Cakeday Crawler Information


Go back to the results

About the idea

When I discovered the subreddit /r/cakeday I began to wonder the frequency of cakedays around the year. So I decided to scratch that itch, along with finding a way to nicely visualize it.

About the programming

The description below states information that was relevant to the version of PRAW I was using when I made this project in 2015. Since then, it's undergone some major updating; you can now access the created timestamp of each user's accounts from the API - i.e. urllib2 isn't needed anymore.

Within Python, I used a mix of PRAW (Python-Reddit API Wrapper) and urllib2. Of course, PRAW was used to access Reddit and gather usernames. However I needed urllib2 for the reason Tom Chapin (the creator of redditcakeday.com) explained on his site: each Reddit user has an "about.json" file which contains a variable of the timestamp of when the user created their account.

Since PRAW does not provide the ability to access the information from the file, I needed urllib2 to gather that data.

With the data in hand, I used cal-heatmap, a javascript module used to display calendar heatmap data (which is what sites like GitHub uses to display user's contributions).

One of the features that I really liked about cal-heatmap was the ability to highlight individual days. However the only way to do that is via javascript code, so I made the filter bar as a bridge between user and code, allowing you to select certain dates.

About the data gathering

Since the source code will do most of the technical explanation, I just wanted to explain a few of the 'how' and 'why' quesions people may ask.

I restricted the users I allowed to one that were at least a week old. Since I was running the crawler non-stop for a few days, I didn't want any bias to new users.

For gathering users, the process was run on a fairly simple loop: I used PRAW's "get_random_subreddit" function to first target a community. I then crawled posts randomally until I got a maximum of 1000 users. Most subreddits tend to have way more than 1000 users, however I wanted to diversify the users I pulled as much as possible.

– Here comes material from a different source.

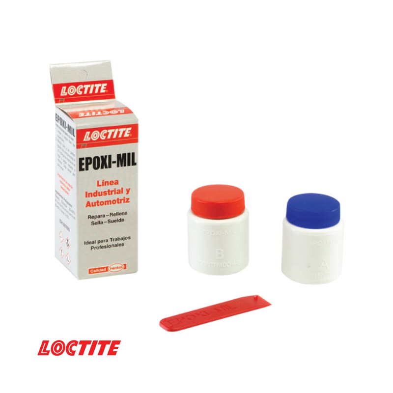 Loctite Epoxi-mil compuesto epóxico de dos partes grado industrial y automotriz.
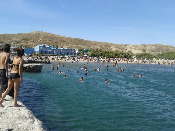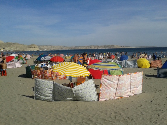 Puerto Pirámides. Parada paraa comer y pasear por la playa. Pueblo de 500 habitantes totalmente dedicado al turismo, la mayoría de él por lo que vemos nacional. Es una ensenada con agua poco movida, y cómoda para bañarse y jugar con la familia. A pesar del viento, para hoy había pronósticos por encima de 30 nudos, no se vuela ni una sombrilla, son unos auténticos profesionales. Es el único lugar de Península Valdés donde, entre los meses de junio y diciembre, se realizan salidas en barca para ver a la ballena franca austral.

Between PRAW's limitation on requests within a certain time, the slow process of finding the user's cakeday from each user's json file, and the check to make sure the user wasn't already recorded, it was pulling in about 1 or 2 people per second. My goal was to get 1 million people, but that would have taken about 2.5 weeks of constant running.

I decided to not include the year as a seperating factor due to the fact that I was more focused with the time of year that people joined, rather than a timeline of Reddit itself.

I also wanted to include the leap day (February 29th) in the displayed calendar, so I set the calendar to display 2016's year. Due to the rarity of the day, I had expected to see a large amount of people signing up that day, however there was unfortunately only a minimal amount of people.